The results of the study have highlighted some of the major advantages of HSI technologies and of the commercial snapshot solution, but some of the drawbacks and limitations of the tested instrument for in vivo brain metabolic monitoring in small animals are also apparent. In particular, the tested HSI solution has shown its capability to localise the hemodynamic response in the exposed cortex from all the maps. Furthermore, the spectroscopic analysis retrieved correct time-varying hemodynamic information from the exposed cortex under different oxygen-dependent conditions. However, although the spatial resolution of the maps was adequate for the range 650–986 nm, it was not high enough for imaging all the vasculature details in the selected range for the CCO signal (778–902 nm). Better focusing and magnification may be necessary to achieve this goal and to improve image quality. Therefore, this limited spatial resolution makes impossible to assess the correct evaluation of the metabolic response. Indeed, a better spatial resolution is required to minimize image noise, in order to discern the focalised and smaller changes in oxCCO (about ten times lower than hemoglobin) in the specific NIR wavelength interval.

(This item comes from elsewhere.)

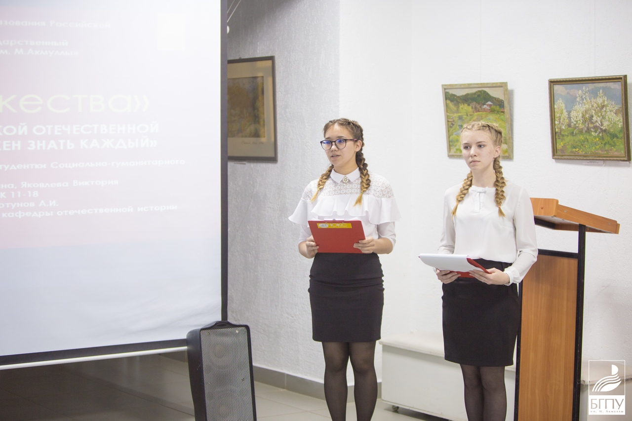 17 мая 2019 года в БГПУ им. М. Акмуллы традиционно состоялся очный этап общеуниверситетского студенческого конкурса на лучшую презентацию «Урока мужества» для учащихся общеобразовательных организаций г. Уфы и Республики Башкортостан. Организаторами конкурса выступили: Научно-методический центр патриотического воспитания молодежи Республики Башкортостан, Институт исторического и правового образования БГПУ им. М. Акмуллы, управление по воспитательной работе и молодежной политике вуза и мультимедийный исторический парк "Россия – моя история".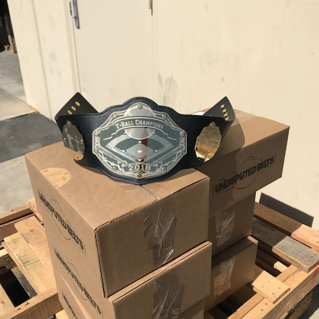 Youth/kid size championship belts.  Make a custom championship belt for that star kid in your life!  Whether it's tee-ball, baseball, football, academics or anything!

Furthermore, the selection of the spectral range for the metabolic analysis of CCO is fundamental, since different redox complexes of CCO contribute differently to its optical signatures in the visible and NIR range: among them are the heam iron centres (cytochrome a and a3), the copper CuB centre, as well as intermediate oxygenated forms of CCO (namely P and F) [5]. The aforementioned compounds also show different responses to metabolic changes. Accurate HSI analysis of these spectral signatures could provide a more comprehensive overview of brain metabolism.

Considering the previous points, the current commercial HSI setup was found not suitable for in vivo metabolic monitoring, without some customising steps. Therefore, we are currently investigating bespoke solutions for HSI of the exposed cortex.